All three models fail 1-calibration on a majority of folds. MCAT is the worst: p < 0.001 on every fold. SurvPath rejects all five at raw alpha = 0.05, with four surviving BH correction. MMP passes on one fold (p = 0.233); of four raw rejections, three survive BH correction.

Model	Fold 0	Fold 1	Fold 2	Fold 4	Fails
SurvPath	0.018	0.033	0.000	0.001	5/5
MCAT	0.000	0.000	0.000	0.000	5/5
MMP	0.233	0.037	0.012	0.000	4/5

Table 1. Per-fold 1-calibration p-values (raw). Two borderline cases (SurvPath fold 1, MMP fold 1) do not survive BH correction.

Model	C-index	1-cal fails (BH)	IBS
SurvPath	0.669 +/- 0.063	4/5	0.223 +/- 0.117
MCAT	0.645 +/- 0.057	5/5	0.311 +/- 0.229
MMP	0.598 +/- 0.081	3/5	0.120 +/- 0.032*

Table 2. Summary metrics. 1-cal fails after BH correction (FDR = 0.05). *MMP fold 4 IBS (3.81) excluded.

Figure 1: Calibration curves on TCGA-BRCA at median event time (~42 months).

4.2 Multi-Cancer, Multi-Architecture Audit (Experiment B)

Of 290 fold-level tests, 166 survive Benjamini-Hochberg correction at FDR = 0.05.

Figure 2: 1-calibration failure heatmap (BH-corrected) across 11 architectures and 5 TCGA cancer types.

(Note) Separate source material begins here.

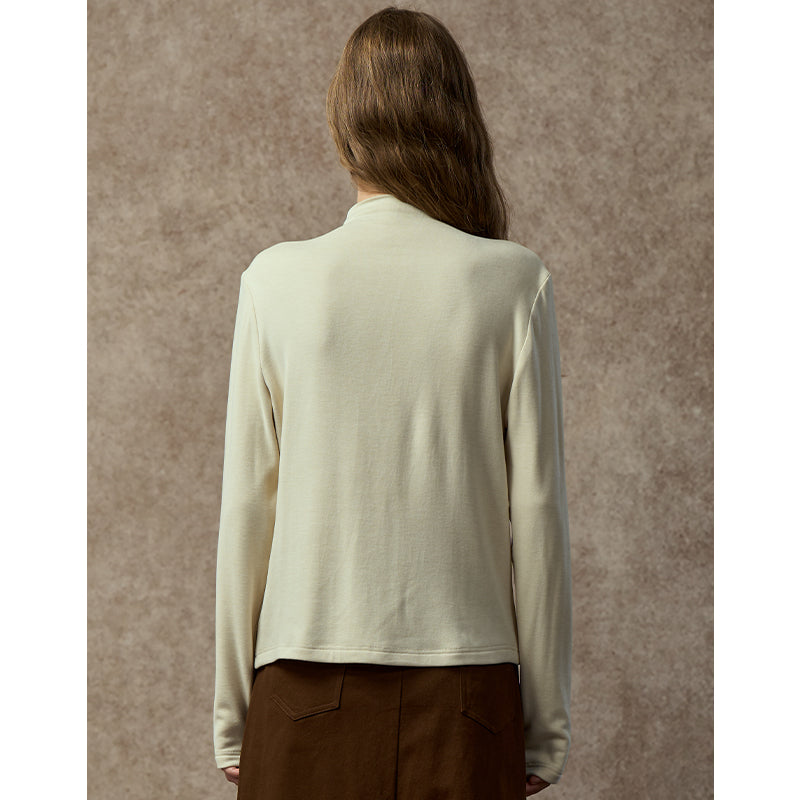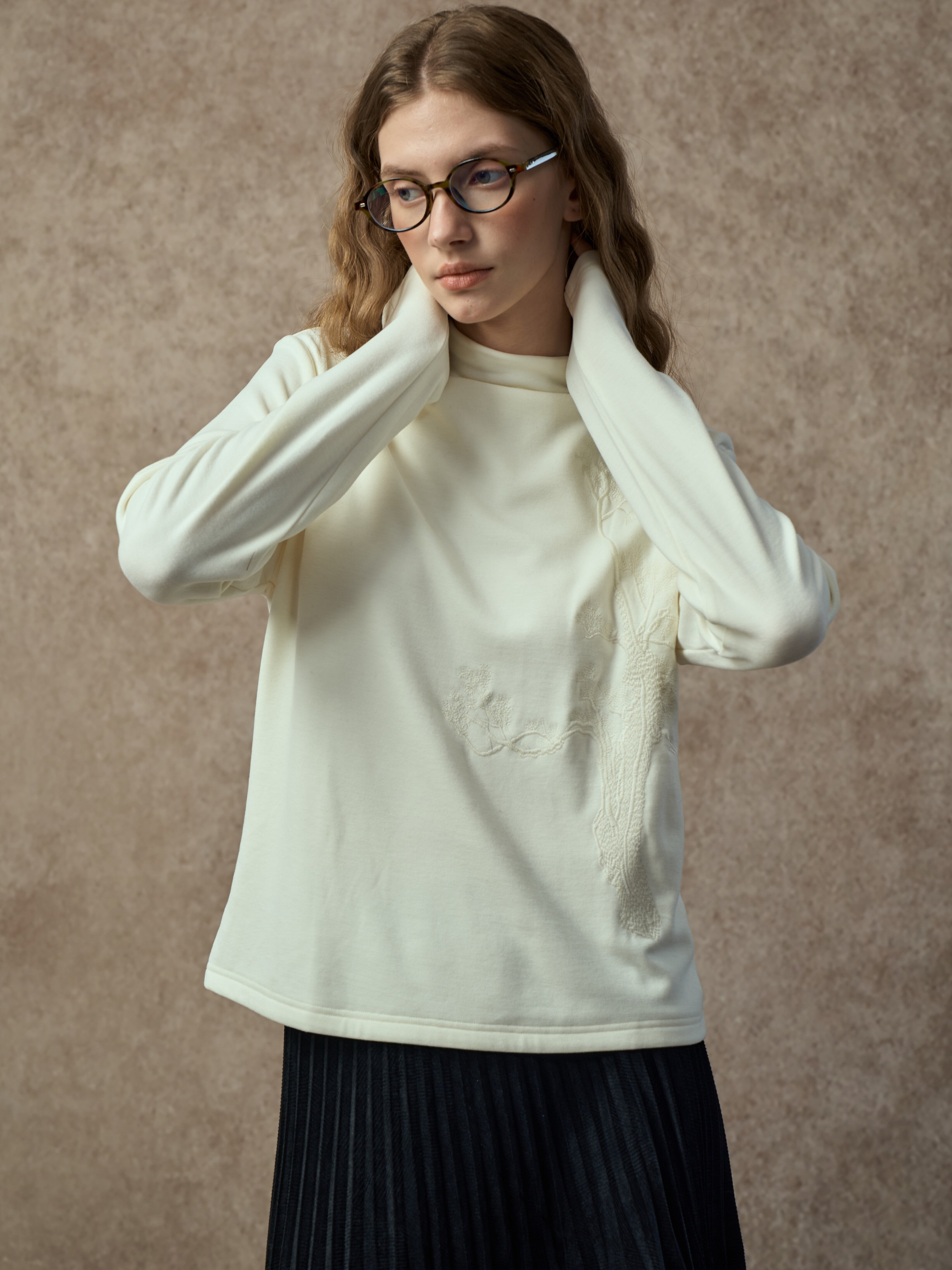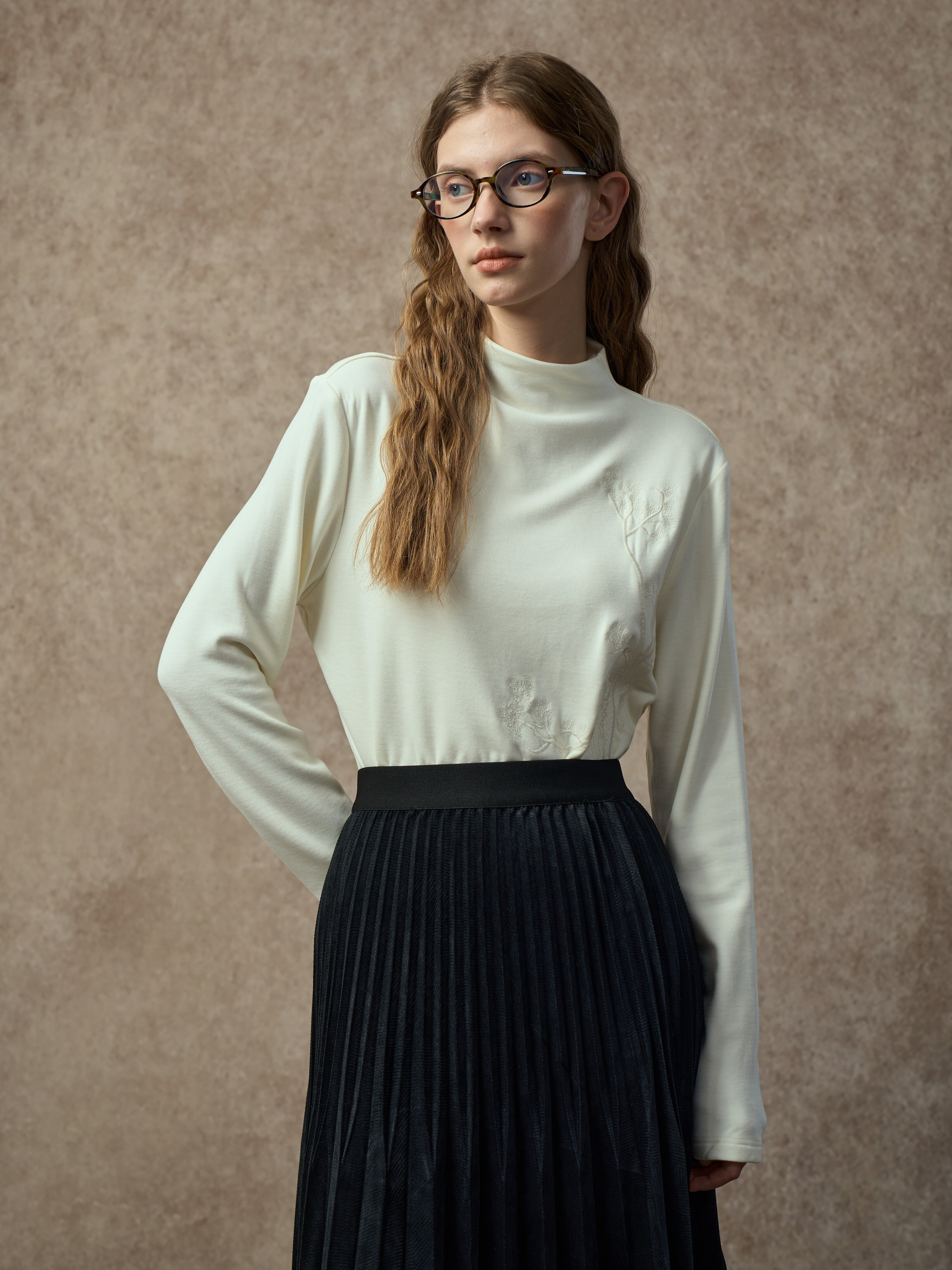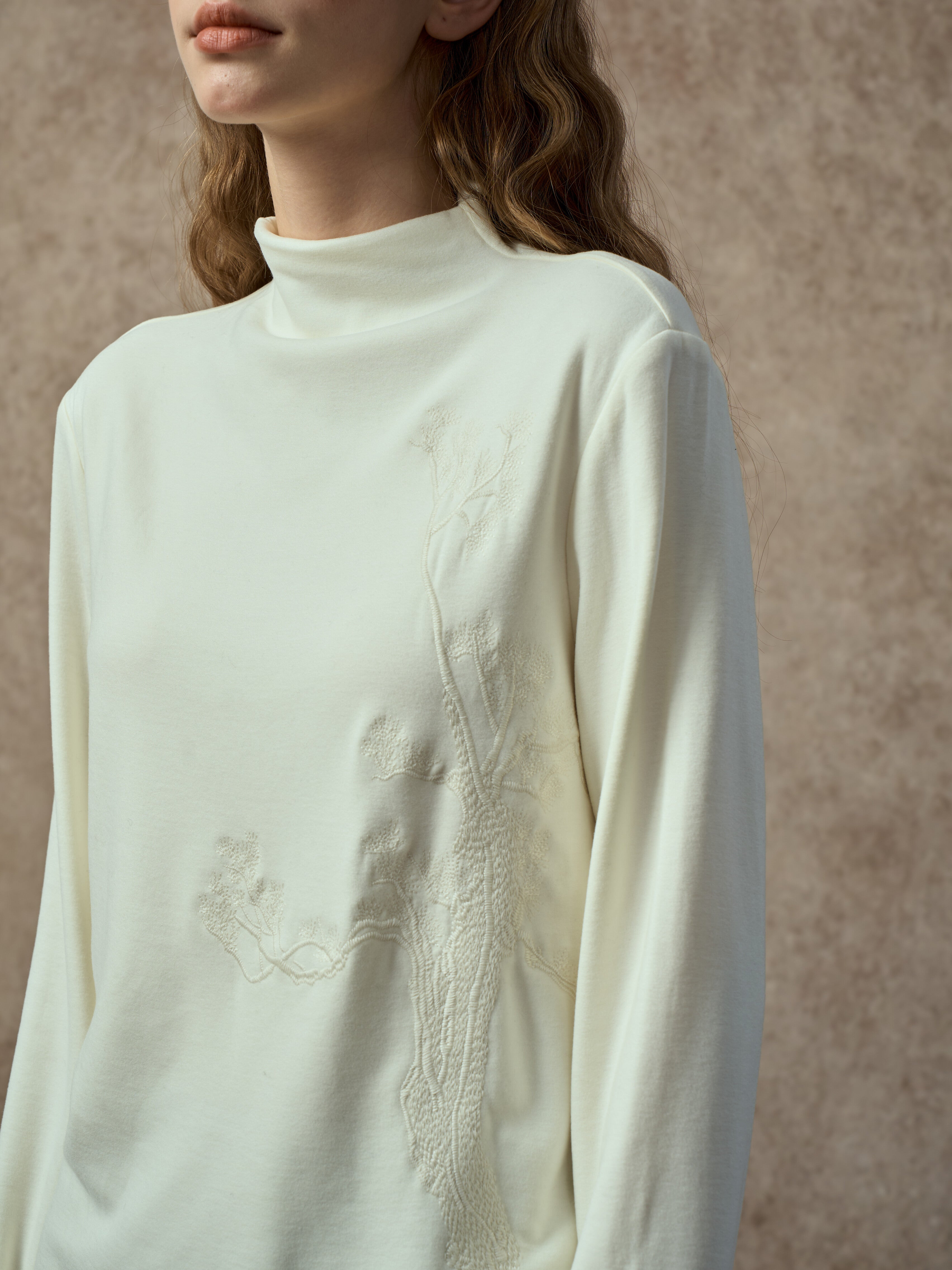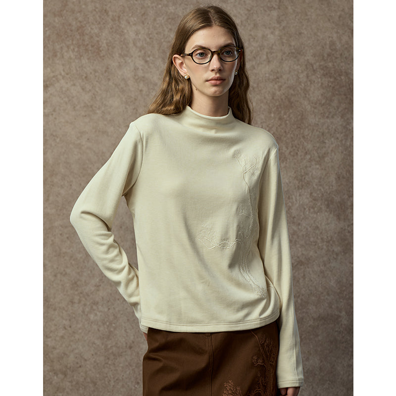 A slim‑fit long sleeve top with Song‑inspired pine embroidery. Made from plush stretch fabric, it’s soft, lightweight, and warm. The semi‑high mock neck and raised embroidery add refined detail, perfect for layering or wearing solo.

Cancer type matters. GBMLGG: 42/55 failures (C-index 0.817). BRCA: 40/55. LUAD: 37/55. BLCA: 30/55. UCEC: 5/55 (underpowered, ~15 events/fold).

Fusion method is the key variable:

AMIL: gating 2/25, bilinear 20/25, concat 20/25
DS: gating 10/25, bilinear 17/25, concat 19/25
MIFCN: gating 7/25, bilinear 17/25, concat 21/25

SNN (genomics-only): 1/25 failures. The fusion mechanism drives miscalibration.

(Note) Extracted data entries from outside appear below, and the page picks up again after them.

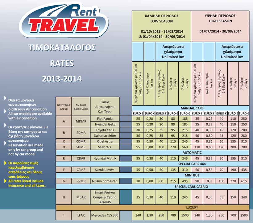 В зимнее время остаются открытыми только рент‑компании в Афинах и Салониках. Многие же из периферийных местных офисов закрываются. Цены в это время падают значительно, порой даже вдвое. Но надо учитывать, что обновление парка автомобилей производится чаще всего весной, перед началом сезона. Поэтому будьте готовы в это время года к не самому лучшему техническому состоянию снятого авто.
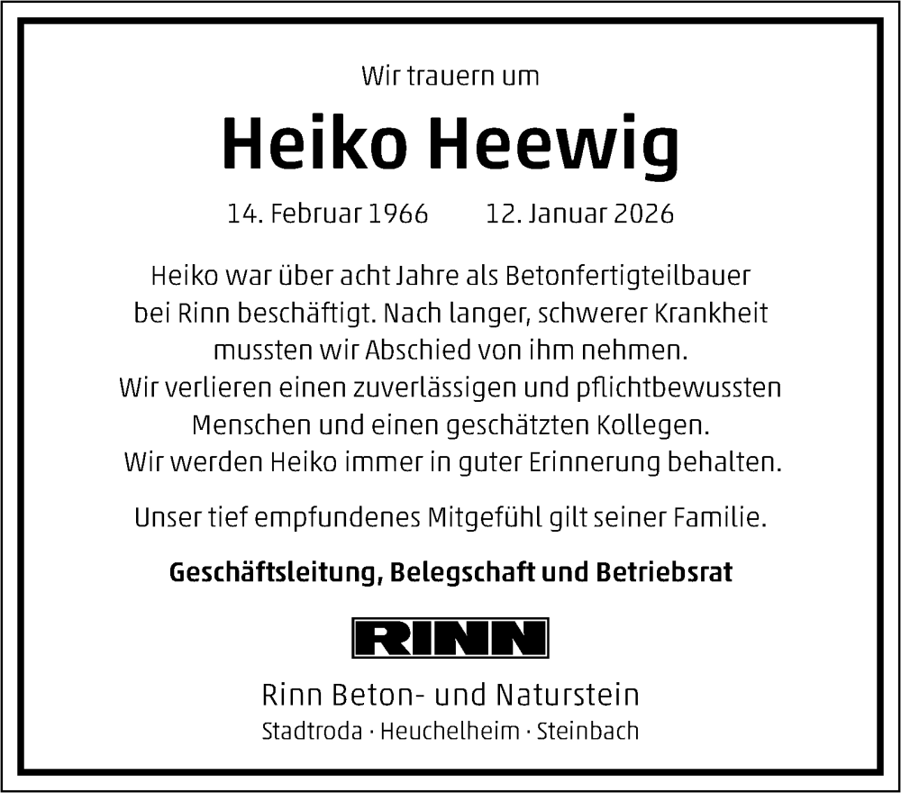 Hier finden Sie alle Traueranzeigen aus der Zeitung, die bisher für Heiko Heewig erschienen sind. Weitere Traueranzeigen, die in der Zeitung erscheinen, werden hier ebenfalls aufgelistet
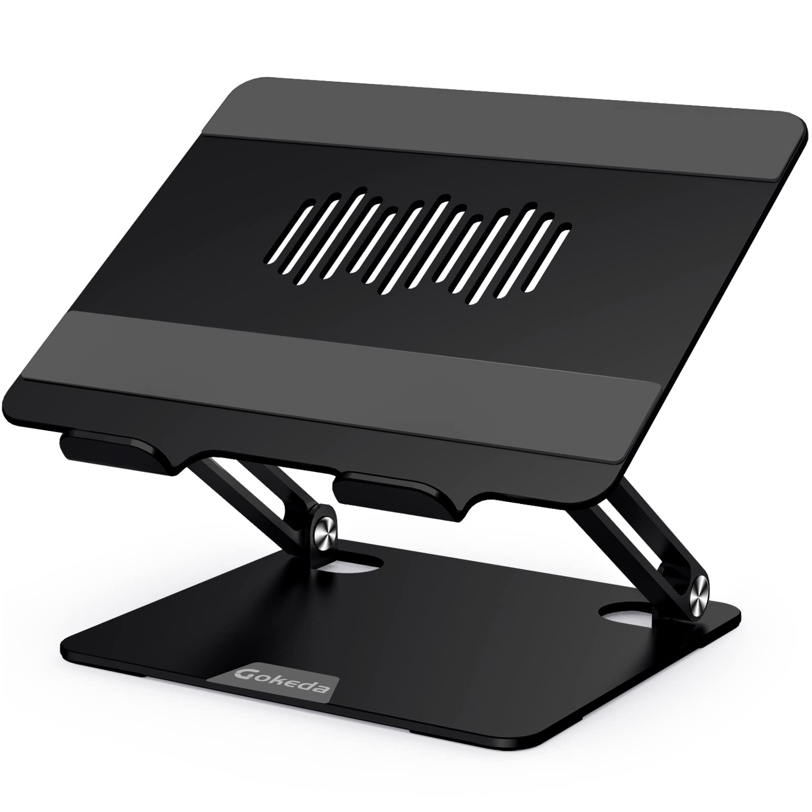 Gokeda Laptop Stand, aluminum ergonomic stand for desk, notebook stand with ventilation opening, compatible with MacBook Air/Pro, Dell, HP, Lenovo, and other 10-15.6" laptops.
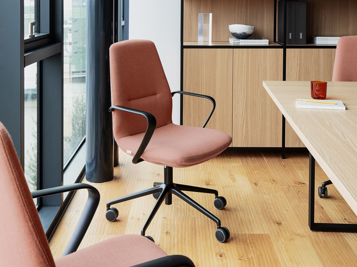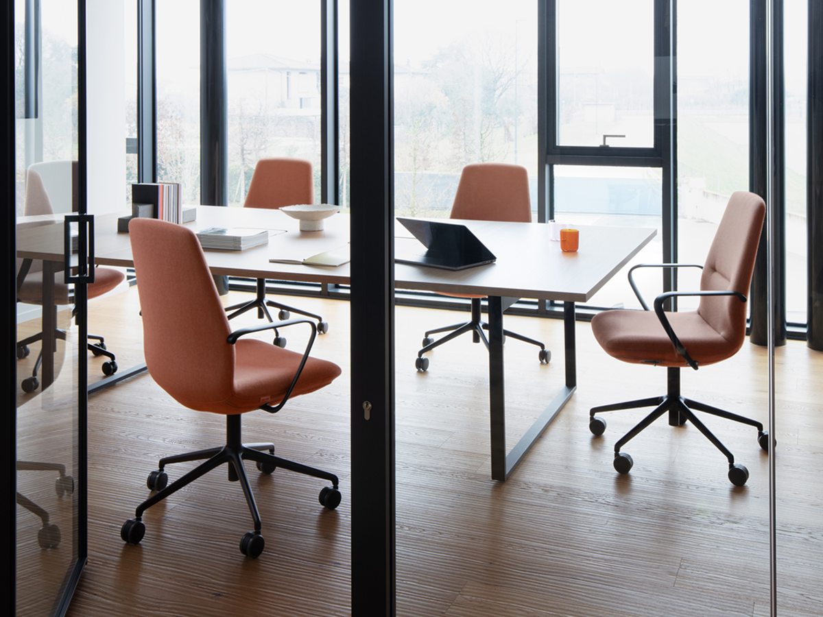 Η σειρά καθισμάτων συνεδριάσεων SYNUA συνδυάζει την τεχνολογία αιχμής με τον κομψό καμπυλωτό σχεδιασμό, προσφέροντας εξαιρετική άνεση και εργονομία. Διαθέτει περιστρεφόμενη τροχήλατη βάση πέντε ακτίνων , μπράτσα αλουμινίου και προηγμένο μηχανισμό συγχρονισμένης ανάκλισης, που επιτρέπει στην πλάτη του καθίσματος να προσαρμόζεται στις κινήσεις του σώματος.
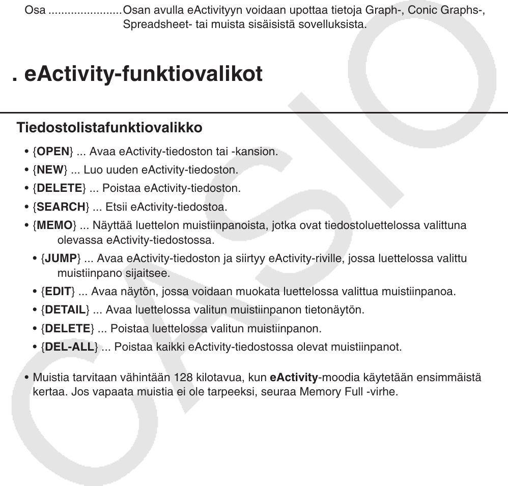 • { DELETE } ... Poistaa eActivity-tiedoston.

Important caveat for Experiment B. Experiment B evaluates Breslow-reconstructed survival curves, not native model outputs. Part of the observed miscalibration may reflect the reconstruction step; see Discussion.

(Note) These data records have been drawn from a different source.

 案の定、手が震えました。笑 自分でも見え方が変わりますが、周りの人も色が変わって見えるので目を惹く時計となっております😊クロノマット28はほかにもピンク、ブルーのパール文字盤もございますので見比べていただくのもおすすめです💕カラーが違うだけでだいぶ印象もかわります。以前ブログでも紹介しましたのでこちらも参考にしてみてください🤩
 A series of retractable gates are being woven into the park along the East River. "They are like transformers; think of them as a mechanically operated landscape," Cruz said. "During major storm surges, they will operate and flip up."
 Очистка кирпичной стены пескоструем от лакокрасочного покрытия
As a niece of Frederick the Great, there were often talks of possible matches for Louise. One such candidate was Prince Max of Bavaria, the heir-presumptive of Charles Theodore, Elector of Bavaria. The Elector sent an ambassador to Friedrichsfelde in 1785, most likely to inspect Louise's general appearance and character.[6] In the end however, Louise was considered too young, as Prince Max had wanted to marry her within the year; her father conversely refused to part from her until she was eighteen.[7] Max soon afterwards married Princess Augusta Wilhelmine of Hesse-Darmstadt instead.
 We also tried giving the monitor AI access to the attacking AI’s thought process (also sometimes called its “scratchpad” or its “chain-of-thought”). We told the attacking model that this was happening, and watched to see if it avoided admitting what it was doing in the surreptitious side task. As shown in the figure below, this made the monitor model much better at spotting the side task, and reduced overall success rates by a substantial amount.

Figure 3: Calibration curves across 5 TCGA cancer types.

4.3 Post-hoc Recalibration

Model	Original	Platt	Orig IBS	Platt IBS
SurvPath	5/5 fail	1/5 fail	0.223	0.216
MCAT	5/5 fail	2/5 fail	0.311	0.219
MMP	4/5 fail	3/5 fail	0.120*	0.127*

Table 3. Recalibration results. *MMP fold 4 excluded. C-index unchanged (monotonic transform).

Figure 4: Calibration curves before and after Platt scaling.

5. Discussion

Two levels of evidence. Experiment A provides direct evidence: all three NLL-trained models fail calibration from their native outputs. Experiment B provides broader but more indirect evidence via Breslow-reconstructed curves across 11 architectures and 5 cancer types. Calibration failures on BRCA appear under both UNI v1 (Experiment B) and UNI2-h features (Experiment A), suggesting the feature extractor alone does not explain the problem.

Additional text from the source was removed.